Thread: PL/Python patch for Universal Newline Support

PL/Python patch for Universal Newline Support

From
Michael Fuhr
Date:
The attached patch mimics Universal Newline Support for PL/Python
functions.  For background, see PEP 278 and the recent "plpython
function problem workaround" thread in pgsql-general:

http://www.python.org/peps/pep-0278.html
http://archives.postgresql.org/pgsql-general/2005-03/msg00823.php

In short, embedded Python code must have lines that end in \n, not
\r\n or \r.  This patch adds logic to PLy_procedure_munge_source()
to skip \r followed by \n, otherwise to convert \r to \n.  I tested
it in HEAD but REL8_0_STABLE has the same version of plpython.c (1.58),
so it should work there as well.

Should the PL/Python documentation mention this behavior?  If so
then I can resubmit with a documentation patch.
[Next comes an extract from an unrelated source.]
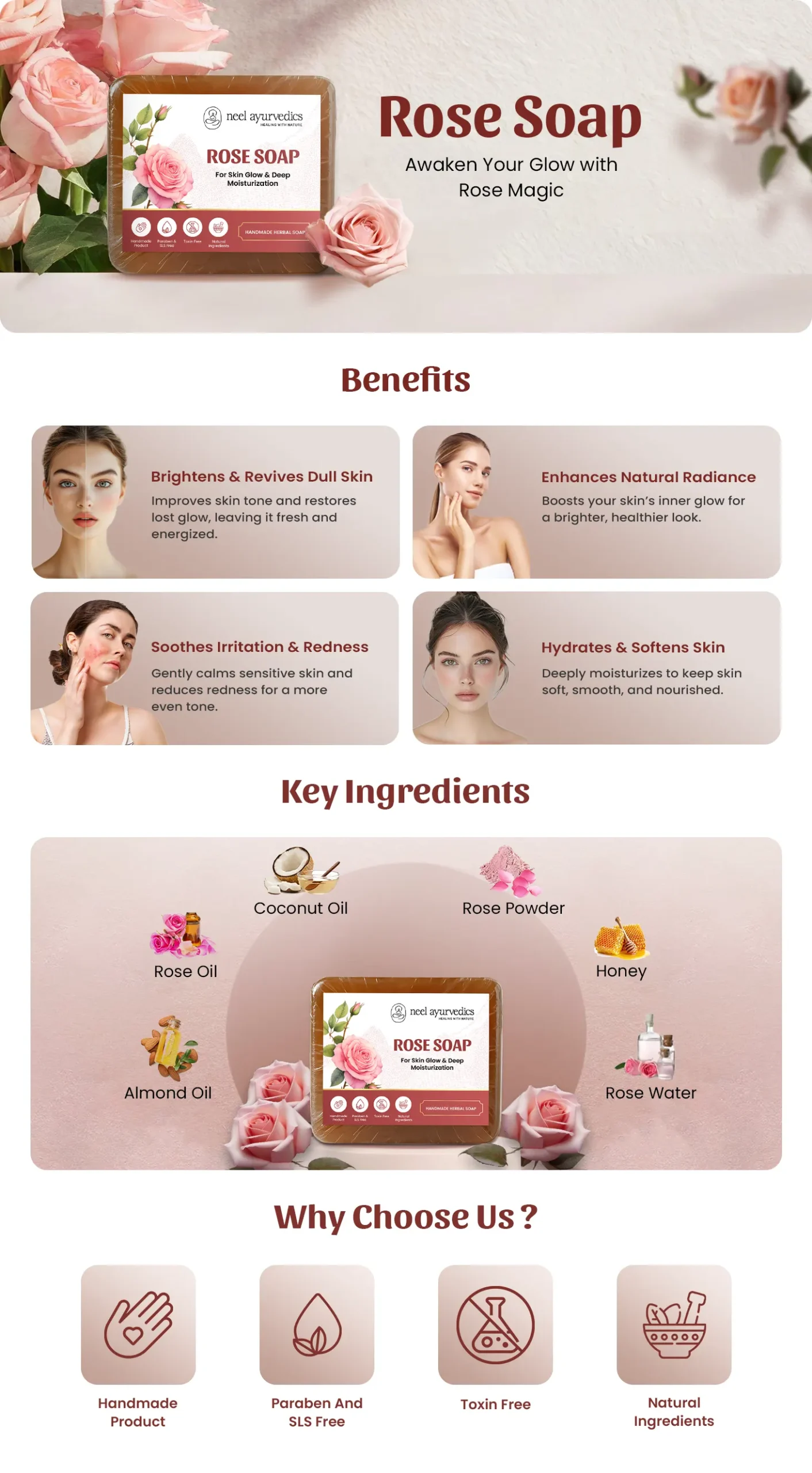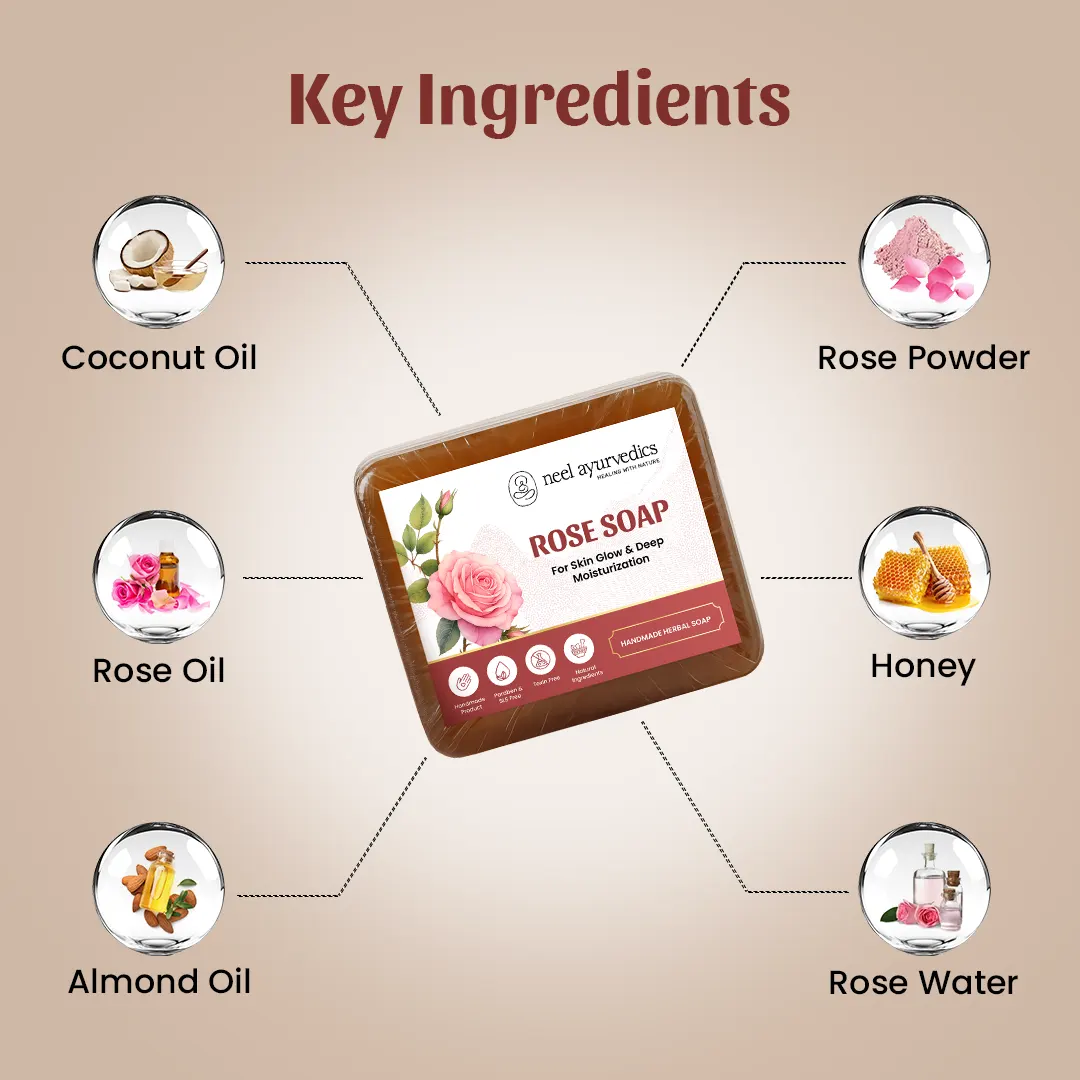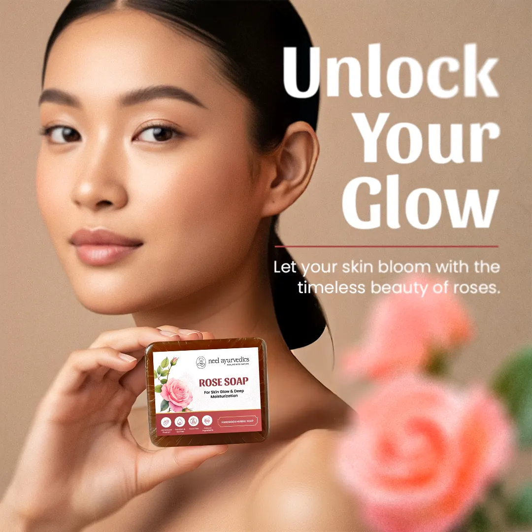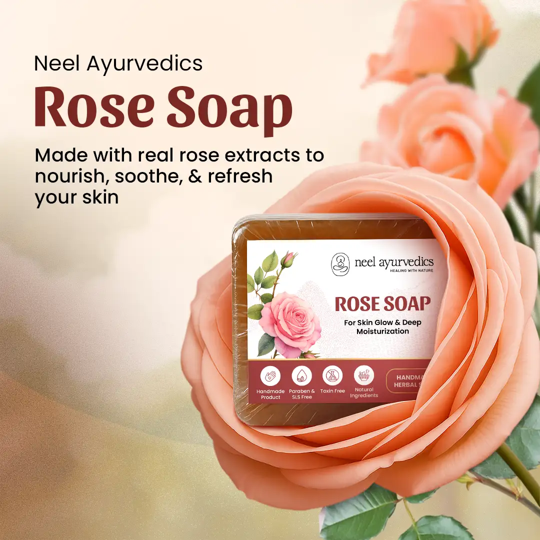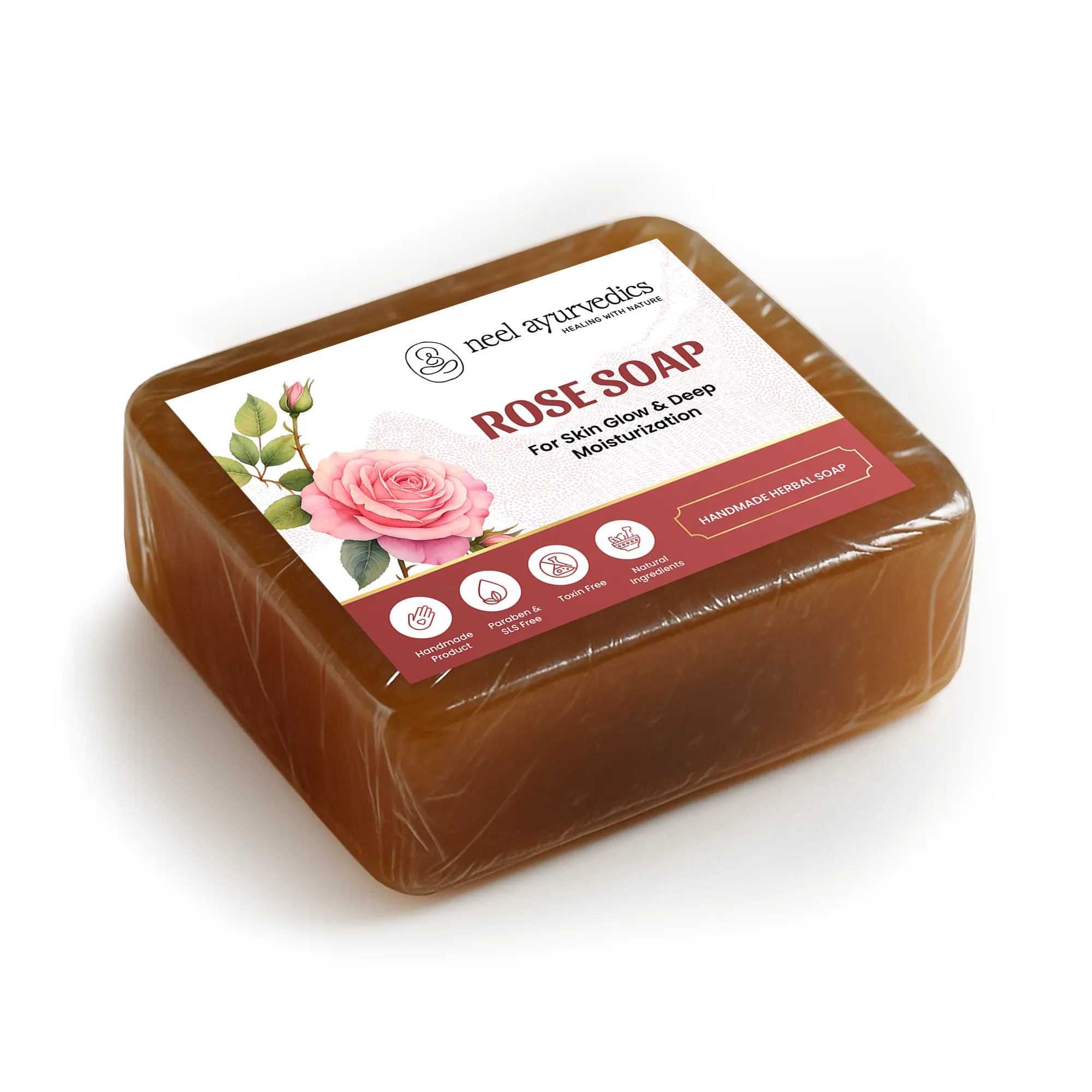 Treat your skin to daily luxury with Neel Ayurvedics Rose Soap, a beautifully crafted herbal soap infused with the finest pure rose powder, refreshing rose water, and nourishing rose oil.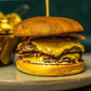 Burgerbrot m it 2 x 180gr.Rindfleisch,Cheddarkäse,knuspriger Speck,Jalapenõs,Essiggurken,Smash-Dip und Crunchy Pommes

How should I submit regression tests?  Here's what I did:

CREATE FUNCTION test_lf() RETURNS integer AS
'x=100\ny=23\nreturn x+y\n'
LANGUAGE plpythonu;

CREATE FUNCTION test_crlf() RETURNS integer AS
'x=100\r\ny=23\r\nreturn x+y\r\n'
LANGUAGE plpythonu;

CREATE FUNCTION test_cr() RETURNS integer AS
'x=100\ry=23\rreturn x+y\r'
LANGUAGE plpythonu;

Here's what an unpatched system does:

SELECT test_lf();
 test_lf
---------
     123
(1 row)

SELECT test_cr();
ERROR:  plpython: could not compile function "test_cr"
DETAIL:  exceptions.SyntaxError: invalid syntax (line 2)

SELECT test_crlf();
ERROR:  plpython: could not compile function "test_crlf"
DETAIL:  exceptions.SyntaxError: invalid syntax (line 2)

Here's a patched system:

SELECT test_lf();
 test_lf
---------
     123
(1 row)

SELECT test_cr();
 test_cr
---------
     123
(1 row)

SELECT test_crlf();
 test_crlf
-----------
       123
(1 row)

This patch doesn't address the indentation problem mentioned here:

http://archives.postgresql.org/pgsql-general/2005-03/msg00762.php

The solution to that problem is still being discussed.

--
Michael Fuhr
http://www.fuhr.org/~mfuhr/

Attachment

Re: PL/Python patch for Universal Newline Support

From
Neil Conway
Date:
Michael Fuhr wrote:
> Should the PL/Python documentation mention this behavior?

Isn't this the behavior the user would expect? If so, I guess it's okay
not to document it.

> How should I submit regression tests?

Yes, please.

> *** src/pl/plpython/plpython.c    17 Dec 2004 02:14:48 -0000    1.58
> --- src/pl/plpython/plpython.c    19 Mar 2005 04:29:55 -0000
> ***************
> *** 1206,1215 ****
>
>       while (*sp != '\0')
>       {
> !         if (*sp == '\n')
>           {
> !             *mp++ = *sp++;
>               *mp++ = '\t';
>           }
>           else
>               *mp++ = *sp++;
> --- 1206,1219 ----
>
>       while (*sp != '\0')
>       {
> !         if (*sp == '\r' && *(sp + 1) == '\n')
> !             sp++;
> !
> !         if (*sp == '\n' || *sp == '\r')
>           {
> !             *mp++ = '\n';
>               *mp++ = '\t';
> +             sp++;
>           }
>           else
>               *mp++ = *sp++;

Does this work for "\r\n" embedded in string literals?

-Neil

Re: PL/Python patch for Universal Newline Support

From
Tom Lane
Date:
Neil Conway <neilc@samurai.com> writes:
> Does this work for "\r\n" embedded in string literals?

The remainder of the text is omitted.